I thought you had decided against doing posts on controversial topics...

Seriously, though, I think you're right. While I didn't go so far as to throw out all our parenting books when #2 was born, I did just stop reading them. It's very tempting to think that you can find answers to your child-rearing questions in books--especially for a person like me who lives to read anyway. And I have gotten ideas about how to deal with specific situations from parenting books. But the only one I crack ever at this point is a great book on kids' health that my mom gave me when the Bee was born.

Jessica said...

I concur, Jess, the title of that book is off-putting at best (but more like downright insulting).

Kristi said...

Wow, I have considered writing that book myself. Why is it that the level of smugness about childrearing is inversely proportional to how much hand-on child rearing one has done? I guess that goes for all kinds of know-it-alls. Though I keep all my "baby guides" some as reminders of how moms can get really bad advice (babywise & girlfriends guide), and others as sources for "suggestions" (like Sears, Pantley, and LLL). Great post, I am right there with you.

Sheryl said...

I think you're right on the money.

AfricaBleu said...

I'd buy it...

JennyMcB said...

Maybe inside the book, you could have blank pages except for the first page which would say-- go spend some time with your kid and read them a book!

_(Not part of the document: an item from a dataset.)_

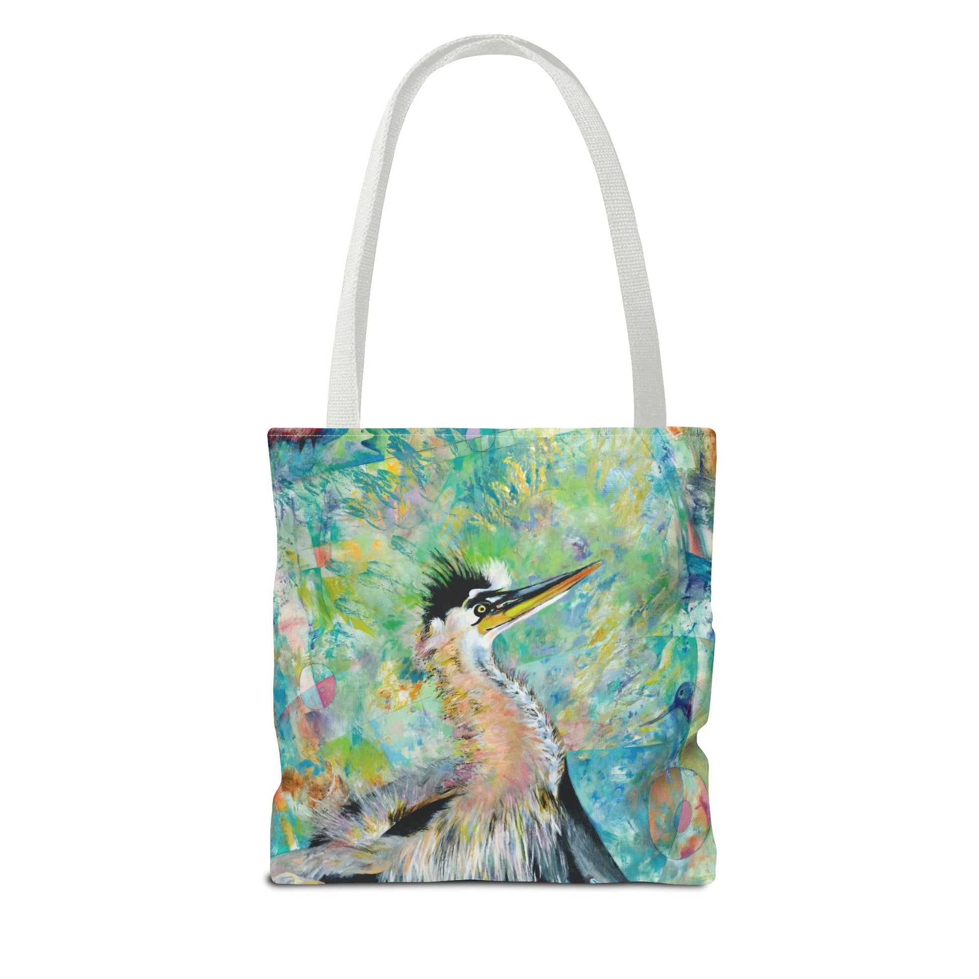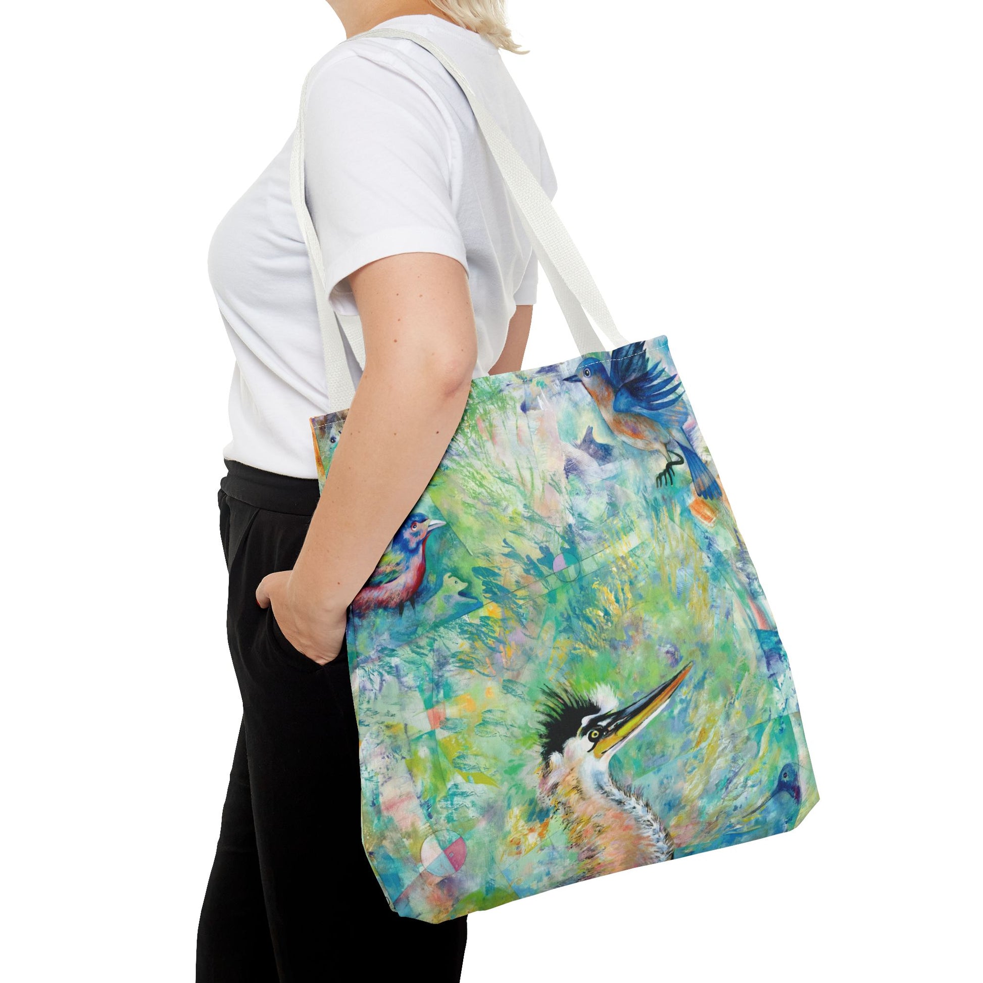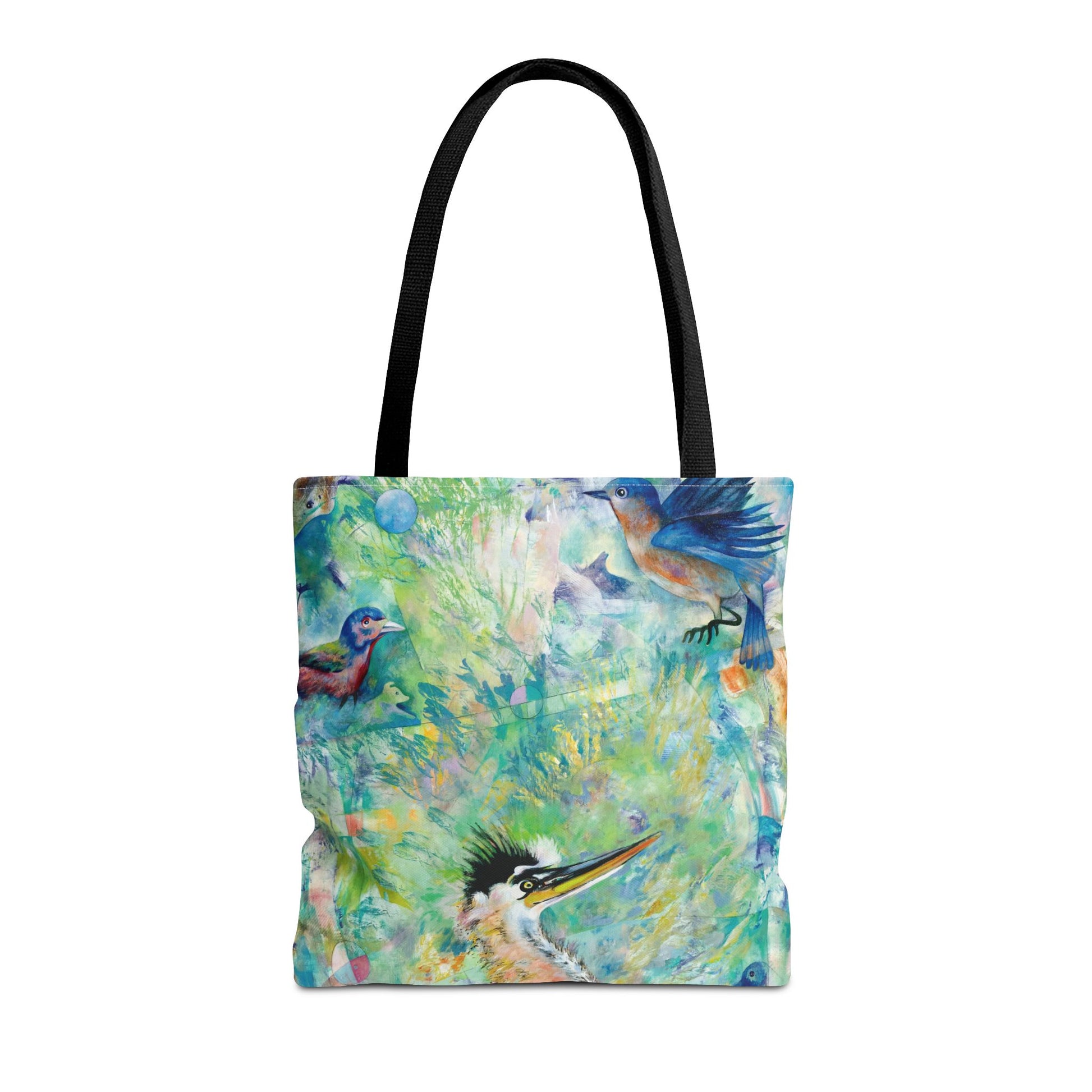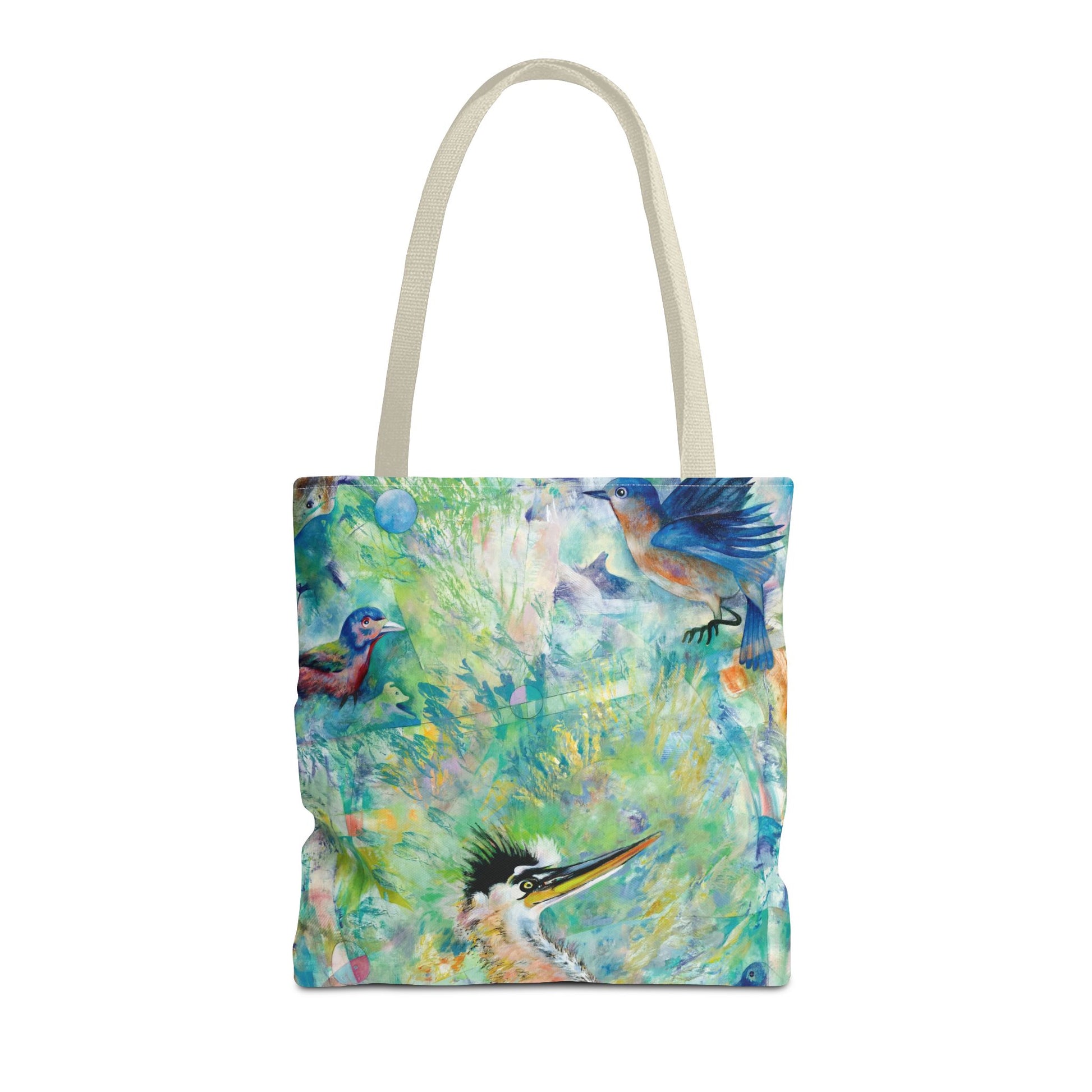 Leslie Karpinski's original artwork "Messengers in the Sky" printed on a canvas tote bag. The front and backside of the bag show different parts of the painting. The bag is available in 3 sizes and with different color handles.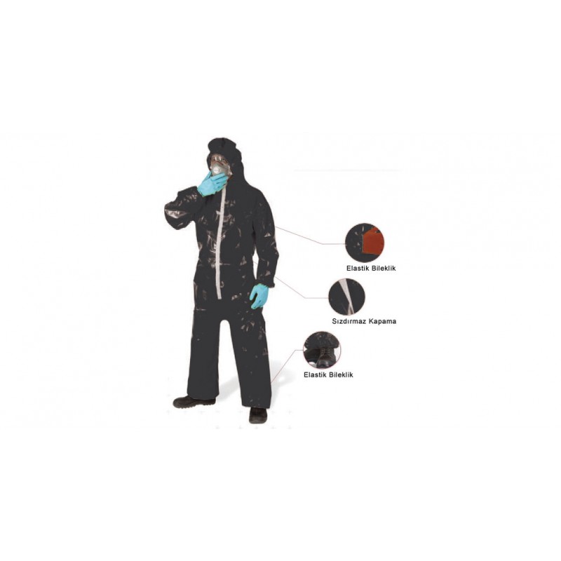 Bu tulum kullanıcıyı tehlikeli maddeler ve potansiyel kirlenmelerden koruma amaçlı üretilmştir. Sıvı kimyasallardan ve havadaki partiküllerden korur. Dikiş yerleri kaynak yöntemi ile kapatılarak tam sızdırmazlık sağlanmıştır.

LOL, I read a few with my first and liked Brazelton the best. After listening to all the different moms in the neighborhood I quickly realized that we were all getting different advice and I just had to pick what was right for us.

MIM said...

First, as a fake mom, I find the title of that book insulting as well.

Second, you have a point about Weissbluth -- which is why I only read PARTS of the book. The ones that were useful to me.